Valerie and Wendy, who had joined her in the last part of her time at High Rock then moved to establish the Home of Loving Faithfulness near Fanling which is still in existence today, looking after disabled children as ICC does in China. Their story is told in “Living Riches” by Linda Ball.
This history illustrates the incredible interlacing of individuals who have come to Hong Kong to help the disadvantaged; those left behind who cannot look after themselves. They were / are all driven by the fact that God sees value in single life. Sometimes death is a relief to those who are very ill, but many disadvantaged children have been given a second chance at a successful and independent life because of the faith of those pioneering individuals.

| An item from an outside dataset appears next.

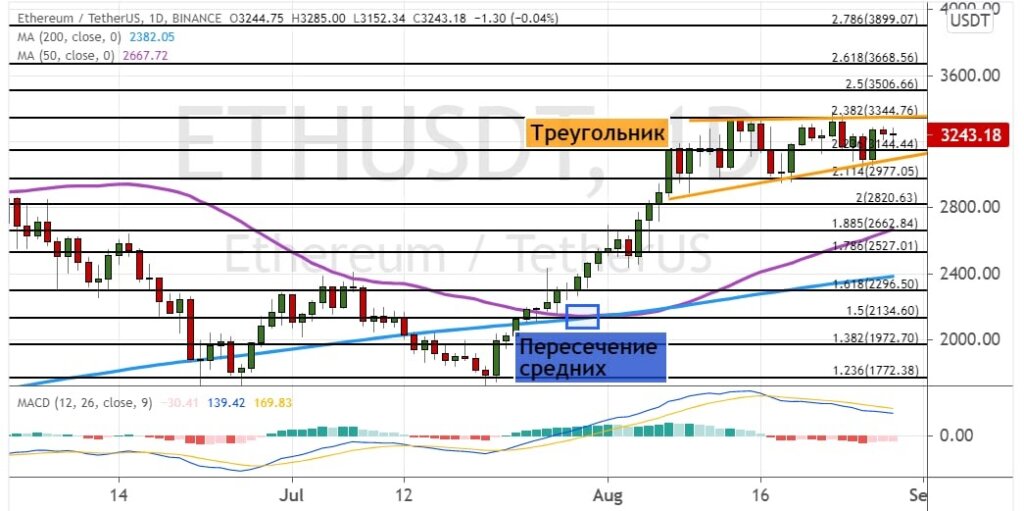 Котировки эфира продолжают двигаться внутри границ консолидации уровней $3 150–$3 350. Данное движение приобрело вид модели теханализа «Треугольник» (показан на графике ниже оранжевыми линиями).

There are many breathless adventures of pioneers who came to this part of the world to support the people of China. Before Mildred, of course, came Gladys Aylwood, a British maid, who was rejected as a missionary, but eventually found her way to a children’s home in central China[2]. She was of course a contemporary of Eric Liddell, winner of a 1924 Olympic Gold Medal, and "Chariots of Fire" fame, who became a missionary and died in a Japanese concentration camp in China[3]. A century before such names as Hudson Taylor and Robert Morrison mobilised tens of thousands of people to help and support the poorest in China – and, yes, through that preach the Christian message. (You can read a lot more about these Christian adventurers under the "History" tab).
After Mildred, came Wendy and Valerie and of course Jackie Pullinger, whose bestseller “Chasing the Dragon” was a model for this book. No book is unique…
And then David came to China, as told in “China’s Oasis”.
The will to survive throughout the generations is seen at many levels in the China Oasis story. The Christian family will continue to keep serving the weak from a position of strength. ICC is part of this process and people are continually being called to follow through not only it but also new missions that are being started all the time.
A new mission is like a small business. Some begin with just a couple of people and fades as the leaders retire and many fall by the wayside through dissent, persecution, mismanagement, or their work is just complete. Only a few NGO’s become as sustainable as ICC, dealing with an ongoing work.
ICC’s last quarter century is a reflection of how well David did in establishing and leading an organisation without any particular training, skill or knowledge. He was blessed with the talents that God had given him, the “luck” that he needed that we know as grace - and his faith in that God. His call to you is, “what are you going to do?”
Richard Harris
May 2018
[1] Those who have read China’s Oasis will find dramatic comparisons with Dawn Gage’s story – she lost out to a U.S. mission group who took over the funding of Living Stones village in the mid-2000’s.
[2] You will recall the film, the “The Inn of the Sixth Happiness” (starring Ingrid Bergman as Gladys).
[3] His story is recounted in Sally Magnusson’s book, “The Flying Scotsman”.